Because the registers on 8086 processors were only 16
bits wide, the largest value they could hold was 0xFFFF
which equals 64 KB. This means that, using just a single 16-bit value, the CPU could only directly address 64 KB of memory at a time. This leads us to the question - how can a processor with 16-bit registers access 20-bit addresses? The answer is memory segmentation.
To make use of the entire 1 MB space provided by the 20-bit address bus, the 8086 used a scheme called memory segmentation. All memory is divided into small, fixed-size segments of 65_536
bytes each. Instead of using just one value to identify a memory location, a CPU uses the two:
Segment selector — identifies the starting point (base address) of a 64 KB segment. Represented by the value of the
cs
(code-segment) register.Offset — specifies how far into that segment the target address is. Represented by the value of the
ip
register.
In real mode, the base address for a given segment selector is calculated as:
Base Address = Segment Selector << 4
To compute the final physical memory address, the CPU adds the base address to the offset:
Physical Address = Base Address + Offset
For example, if the value of the cs:ip
is 0x2000:0x0010
, then the corresponding physical address will be:
>>> hex((0x2000 << 4) + 0x0010)
'0x20010'
If we take the largest possible values for the segment selector and the offset - 0xFFFF:0xFFFF
, the resulting address will be:
>>> hex((0xffff << 4) + 0xffff)
'0x10ffef'
This gives us the address 0x10FFEF
, which is 65_520
bytes past the 1 MB boundary. Since, in real mode on the original 8086 CPU, the CPU could only access the first 1 MB of memory, any address above 0xFFFFF
would wrap around back to the beginning of the address space. On modern 386+ CPUs the physical bus is wider even in real mode, but the address computation still based on the segment:offset
.
Now that we understand the basics of real mode and its memory addressing limitations, let’s return to the state after a hardware reset.

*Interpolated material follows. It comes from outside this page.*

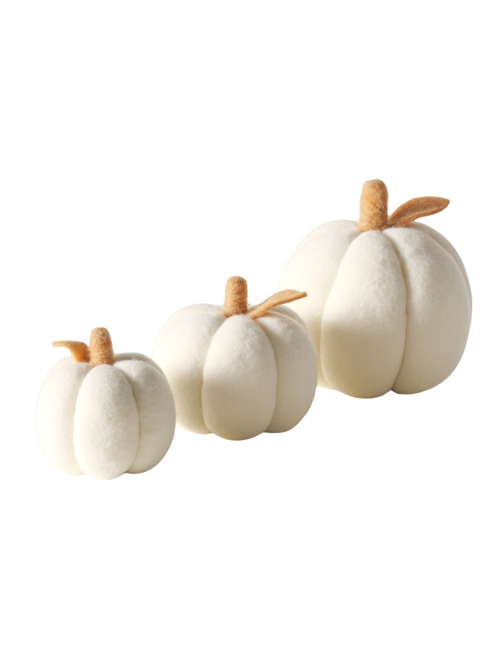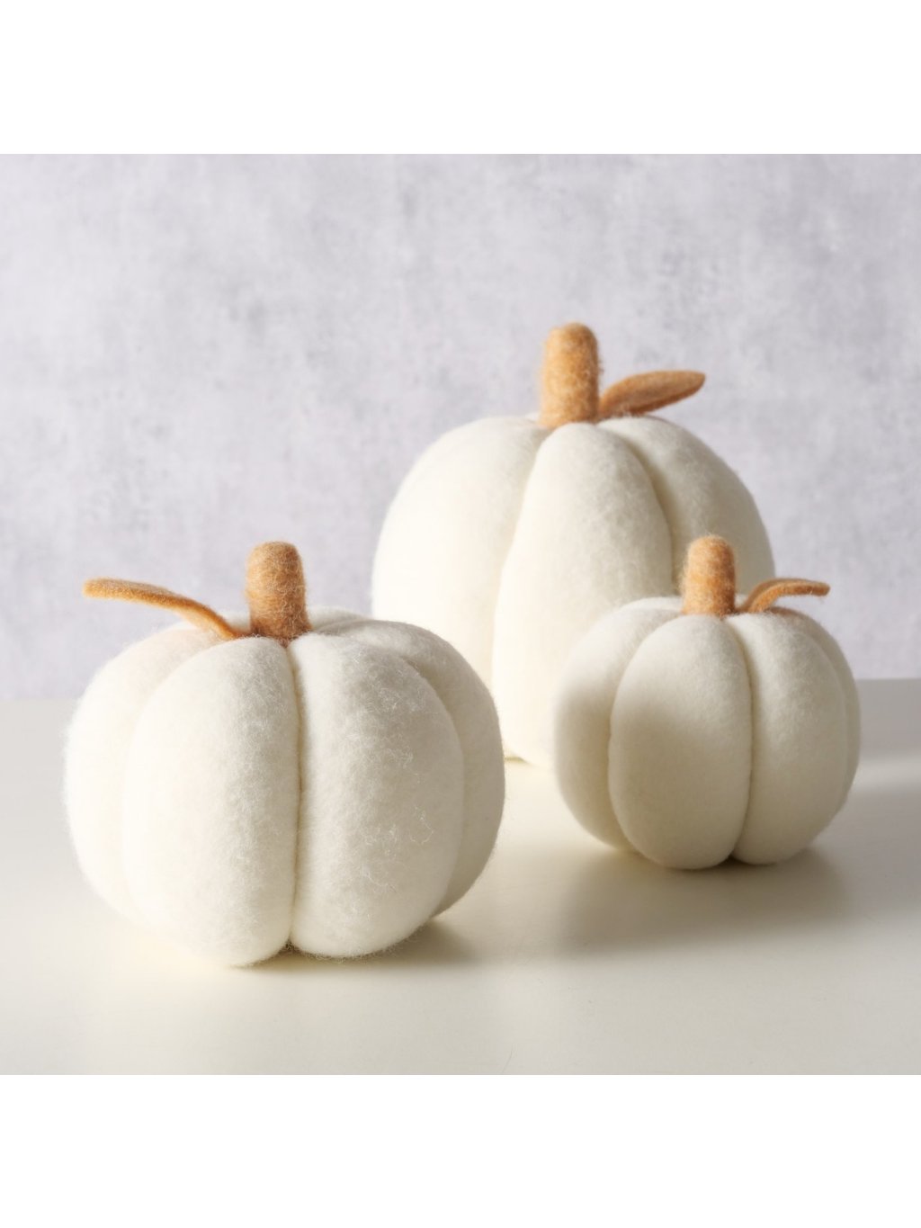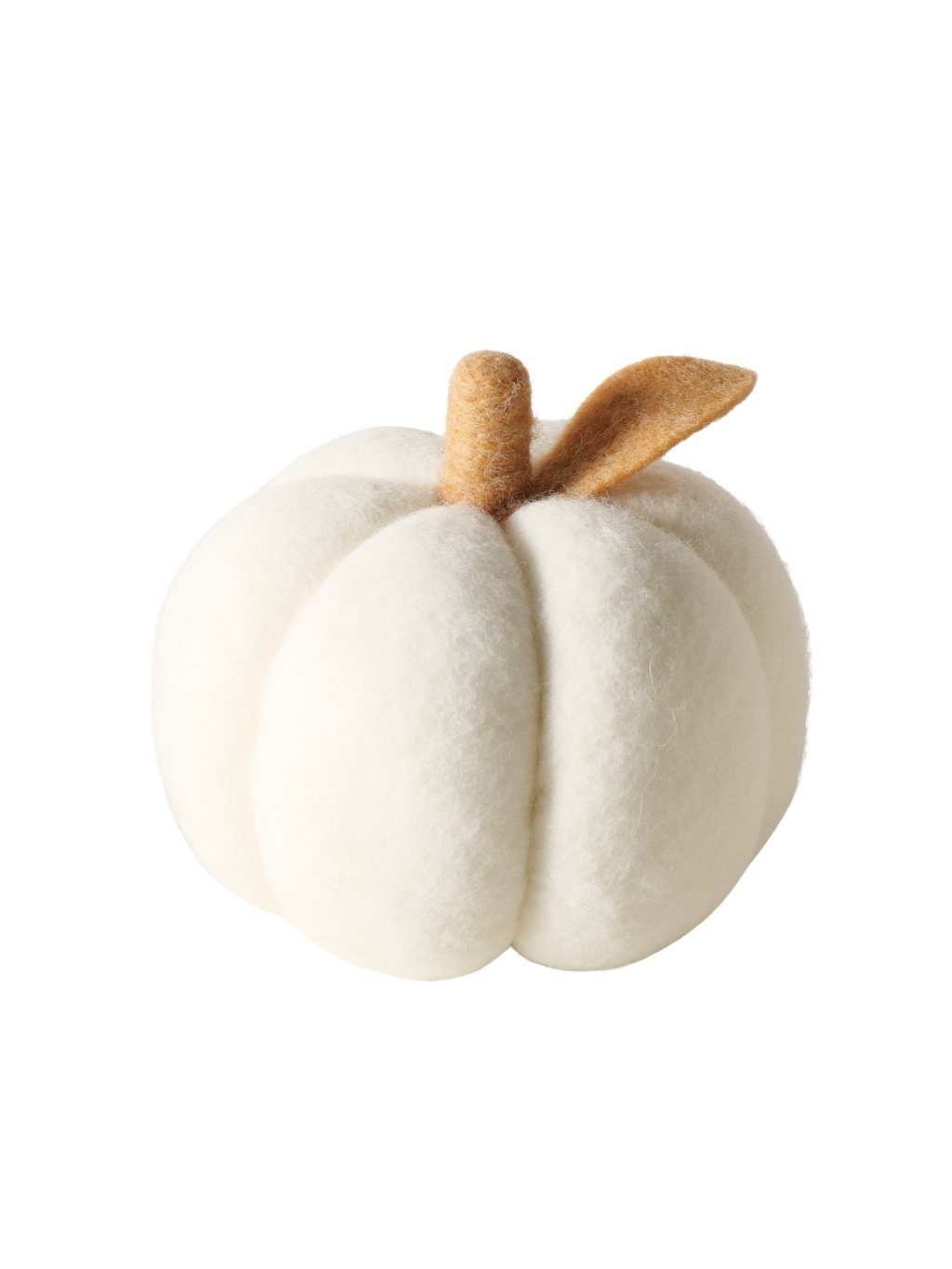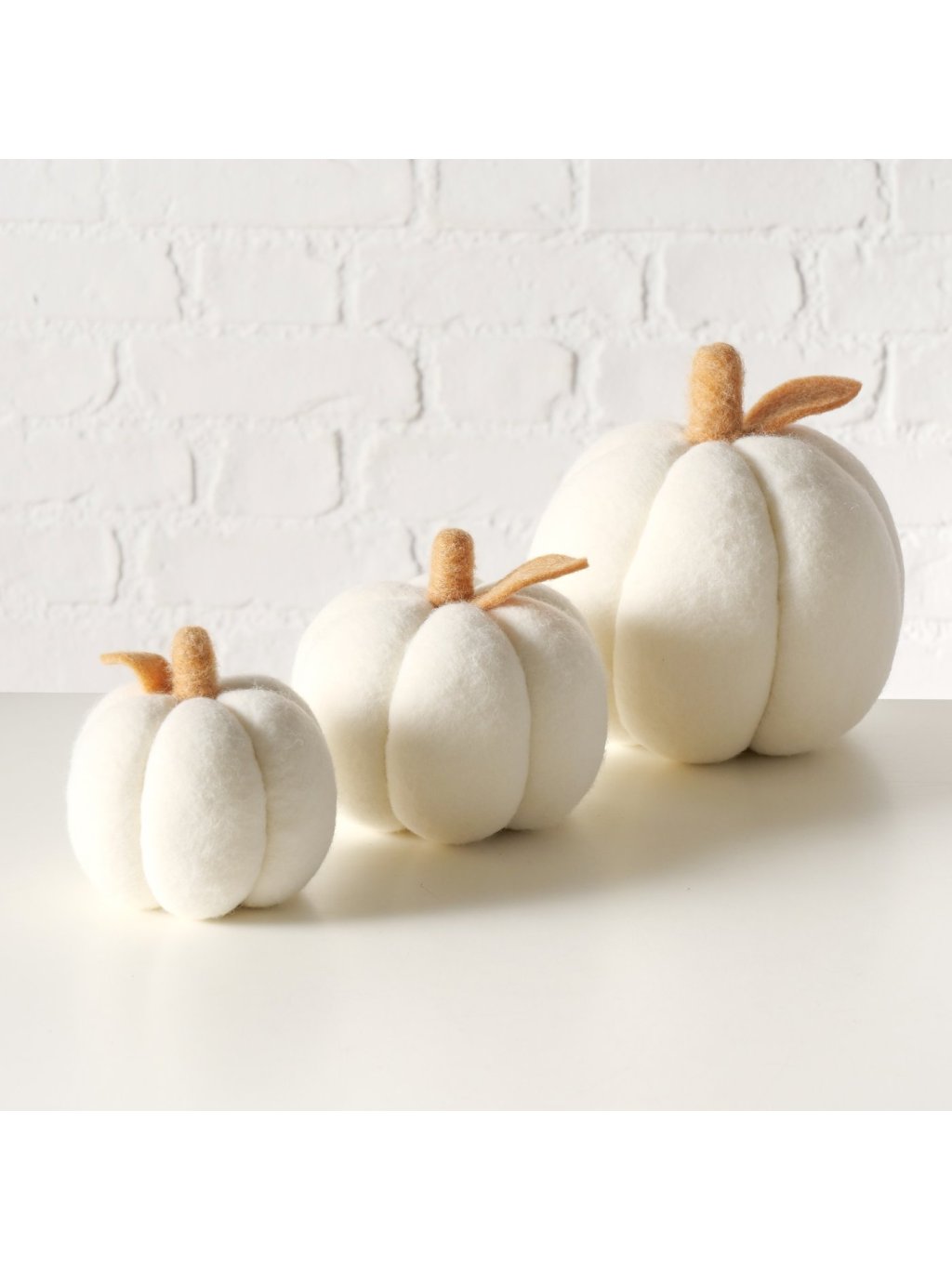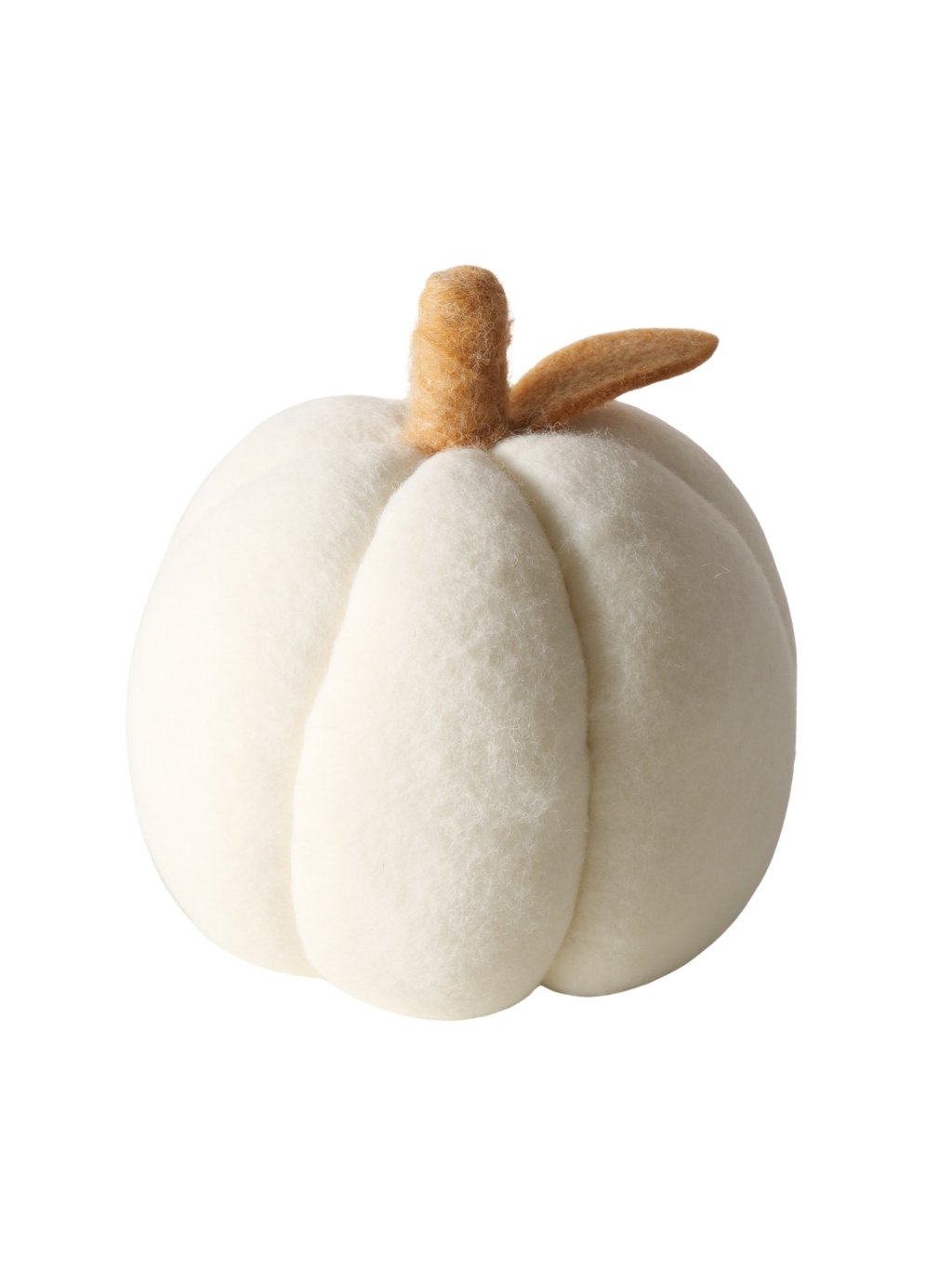 Biela textilná tekvica Tikva je nežná, ručne vyrobená doplnková dekorácia, ktorá do vášho domova vnukne hrejivú jesennú atmosféru bez nároku na údržbu. S jemným matným krémovo-bielym odtieňom a textúrou vlny kombinovanej s polyesterom pôsobí útulne aj elegantne — ideálna ako jesenný centrálny prvok v aranžmánoch na poličke, konferenčnom stolíku alebo vstupnej komode.

First code executed after reset
The system has just been powered on, the reset signal has been released, and the processor is waking up to execute first instructions. The 80386 and later CPUs set the following register values after a hardware reset:
ip
0xFFF0
Instruction pointer; execution starts here within the current code segment
cs
(selector)
0xF000
Visible code segment selector value after reset
cs
(base)
0xFFFF0000
Hidden descriptor base address loaded into cs
during reset
In real mode, the base address is normally formed by shifting the 16-bit segment selector value 4 bits left to produce a 20-bit physical address. However, after the hardware reset the first instruction will be located at the special address. We may see that the segment selector in the cs
register is loaded with 0xF000
but the hidden base address is loaded with 0xFFFF0000
. Instead of using the usual formula to get the address, the processor uses this value as the base address of the first instruction. Having the value of the base address and the offset (from the ip
register), the starting address will be:
>>> hex(0xffff0000 + 0xfff0)
'0xfffffff0'
We got 0xFFFFFFF0
, which is 16 bytes below 4GB. This is the very first address where the CPU starts the execution after reset. This address has special name - reset vector. It is the memory location at which the CPU expects to find the first instruction to execute after reset. Usually it contains a jump (jmp
) instruction which points to the BIOS or UEFI entry point. For example, if we take a look at the source code of the coreboot, we will see it there:
/* This is the first instruction the CPU runs when coming out of reset. */
.section ".reset", "ax", %progbits
.globl _start
_start:
jmp _start16bit
To prove that this code is located at the 0xFFFFFFF0
address, we may take a look at the linker script:
. = 0xfffffff0;
_X86_RESET_VECTOR = .;
.reset . : {
*(.reset);
. = _X86_RESET_VECTOR_FILLING;
BYTE(0);
}
The address 0xFFFFFFF0
is much larger than 0xFFFFF
(1MB). How can the CPU access this address in real mode? The answer is simple. Most likely you have something more modern than 8086 CPU with 20-bit address bus. More modern processors starts in real mode but with 32-bit or 64-bit bus.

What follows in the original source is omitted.